Management of Psoas Abscess in Patients with Negative Medical History
For patients with suspected psoas abscess and negative medical history, the optimal treatment approach is percutaneous catheter drainage (PCD) combined with appropriate antibiotic therapy targeting common causative organisms. 1
Diagnostic Approach
Clinical Assessment
- Look specifically for:
- Fever, psoas spasm, and tender mass in the lower abdomen or flank
- Hip pain or limitation of movement (psoas sign)
- Symptoms may be nonspecific, requiring high index of suspicion
Laboratory Testing
- Complete blood count (CBC) - expect leukocytosis
- Inflammatory markers (C-reactive protein, ESR)
- Blood cultures before antibiotic initiation
- Serum glucose, HbA1c, and urine ketones to rule out undetected diabetes 2
Imaging
- CT scan with contrast is the gold standard for diagnosis
- MRI with DWI/ADC and T1 weighted imaging with and without gadolinium if available 3
- Ultrasound may be used initially but has lower sensitivity
Treatment Algorithm
Step 1: Assess Size and Accessibility
- Small abscesses (<3cm): May respond to antibiotics alone 3
- Larger abscesses (>3cm): Require drainage procedure
Step 2: Drainage Approach
First-line: CT-guided percutaneous drainage for accessible abscesses 1, 4
Surgical drainage reserved for:
- Failed percutaneous drainage
- Inaccessible abscess location
- Presence of complications (e.g., septic arthritis)

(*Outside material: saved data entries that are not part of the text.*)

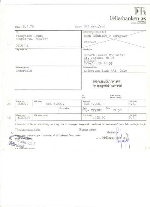 „W jaki sposób były przerzucane do Polski?” W różny. Na samym początku przez banki. Potem przez zaufanych ludzi i przez specjalnych kurierów, np. przez wspomnianego już w innym miejscu Jerzyego Brzezińskiego. Były też przesyłane np. przez żonę Władka, Janinę Gauza, będącą w kontakcie z Tadeuszem Jandziszakiem we Wrocławiu.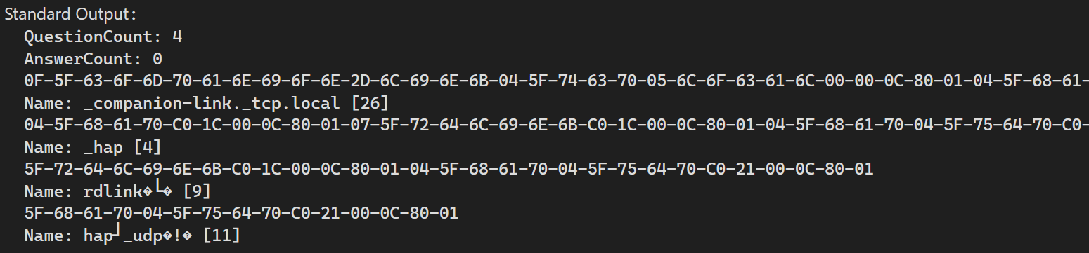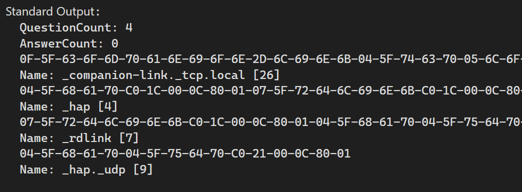 During my initial development all those years ago, I remember being surprised that the various DNS names aren’t just strings e.g. _hap._tcp.local. They actually have a special encoding.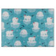 Playful polar bears in Santa hats float on icy blue seas surrounded by igloos, fish, and snowflakes. A cool Christmas favorite.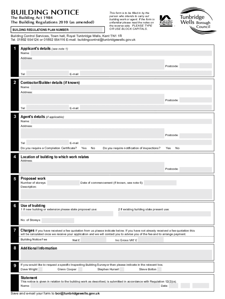 Get the free Building Regulation Charges Guidance notice 1 - tunbridgewells gov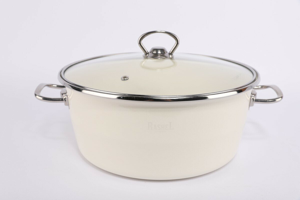 Кастрюля эмалированная с стеклянной термостойкой крышкой с паровыпуском RasheL 4,5 л
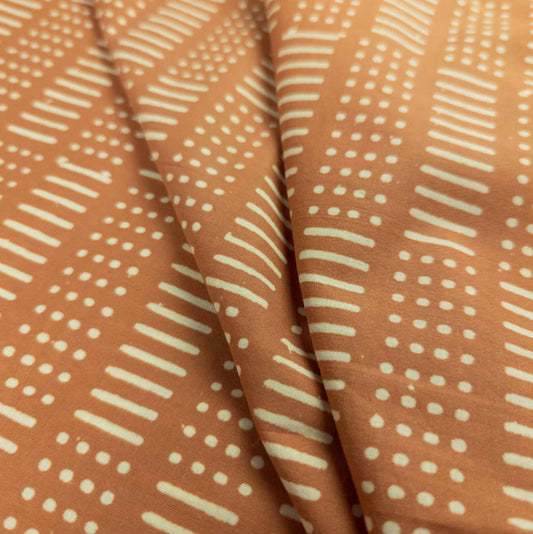 Indian Hand Printed Fabric - Terracotta | 100% Cotton Block Print | 112cm Wide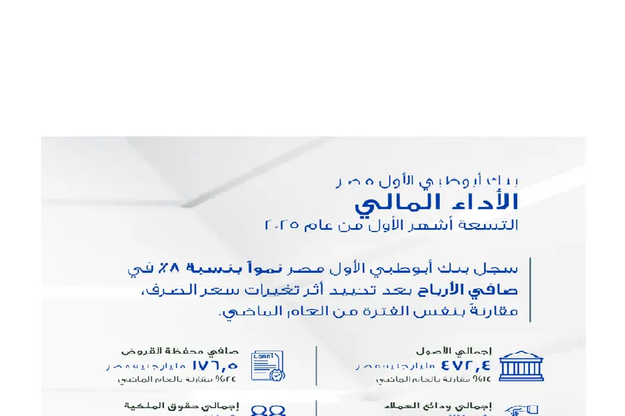 القاهرة: أعلن بنك أبوظبي الأول مصر، أحد أكبر البنوك العاملة في السوق المصرية، عن نتائجه المالية للتسعة أشهر من عام 2025، محققًا أداءً قويًا في عملياته المصرفية الأساسية، حيث سجل البنك نموًا بنسبة 8% في صافي الأرباح بعد تحييد أثر تغيرات سعر الصرف ليصل إلى 13.2 مليار جنيه مصري مقارنةً بالفترة نفسها من العام الماضي، وهو ما يعكس كفاءة تشغيلية عالية ونجاح الاستراتيجية المعتمدة لتعزيز القيمة المستدامة من العمليات الأساسية.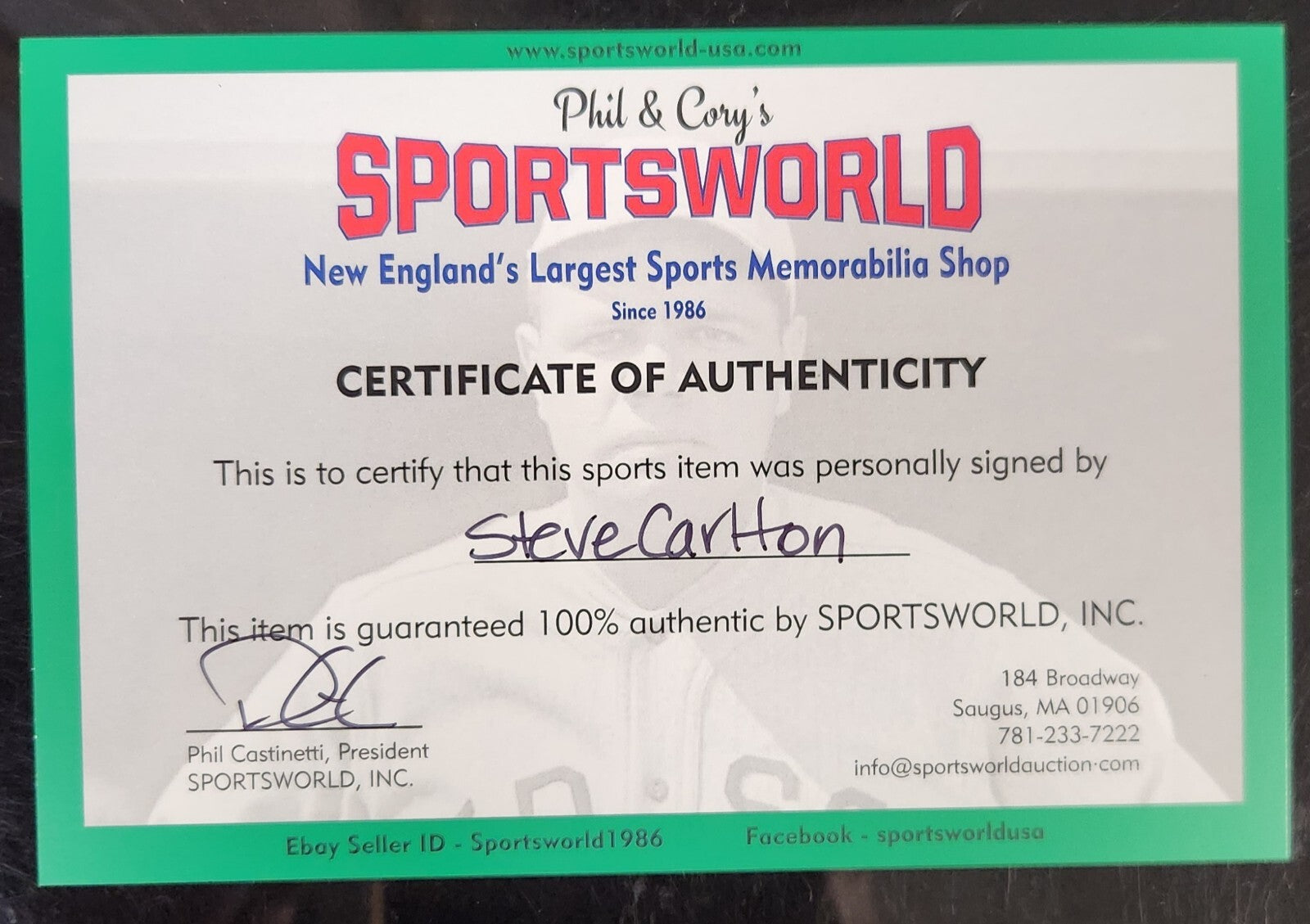 The COA is from Sportsworld- New England's largest sports memorabilia shop. Please refer to our pictures to be sure.
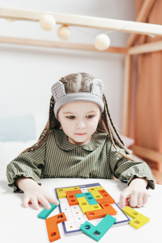 Leo & Friends Wooden L-Shaped Geometric Matching Game – 30 Challenge Cards, Magnetic Puzzle for Kids 3+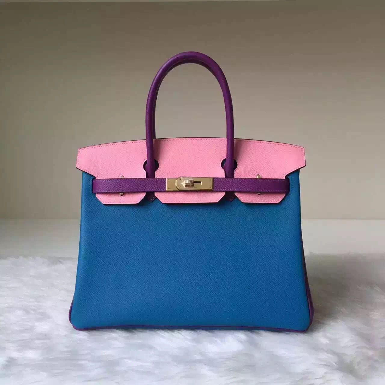 Brand: Hermes; Style: Birkin Bag 30cm; Material: Epsom Calfskin Leather;Color: 1Q Rose Confetti/ 7W Blue Izmir/ P9 Anemone; Hardware: Silver/Gold; Accessories: Padlock and keys, dust bag.Function:tote bag.

- Multiloculated abscesses
Step 3: Antibiotic Therapy
- Empiric coverage should include:
- Third-generation cephalosporin (e.g., ceftriaxone) plus metronidazole 3
- Adjust based on culture and sensitivity results from abscess material
- Duration: 4-6 weeks total (may transition to oral after clinical improvement)
Step 4: Monitoring Response
- Serial clinical examinations
- Follow-up imaging (CT or ultrasound) to confirm resolution
- Monitor inflammatory markers for treatment response
Special Considerations
Potential Complications
- Septic arthritis of the hip joint if abscess extends to periarticular tissue 5
- Recurrence (more common with antibiotic-only treatment)
- Sepsis in untreated cases
Underlying Causes
- Even with negative medical history, search for potential sources:
- Occult gastrointestinal disease (especially Crohn's disease)
- Spinal infections
- Urological problems
- Intravenous drug use (common cause of primary psoas abscess) 1
Follow-up
- Repeat imaging at 2-4 weeks after drainage to ensure resolution
- Investigate for underlying conditions if not previously identified
- Consider surgical intervention for recurrent abscesses
Pitfalls to Avoid
- Delaying drainage in patients with large abscesses
- Failing to obtain cultures before initiating antibiotics
- Missing underlying conditions that may lead to recurrence
- Premature removal of drainage catheters before complete resolution
The evidence strongly supports that most psoas abscesses can be successfully managed with percutaneous drainage and appropriate antibiotics, with surgery reserved for complicated cases or recurrences 1, 4.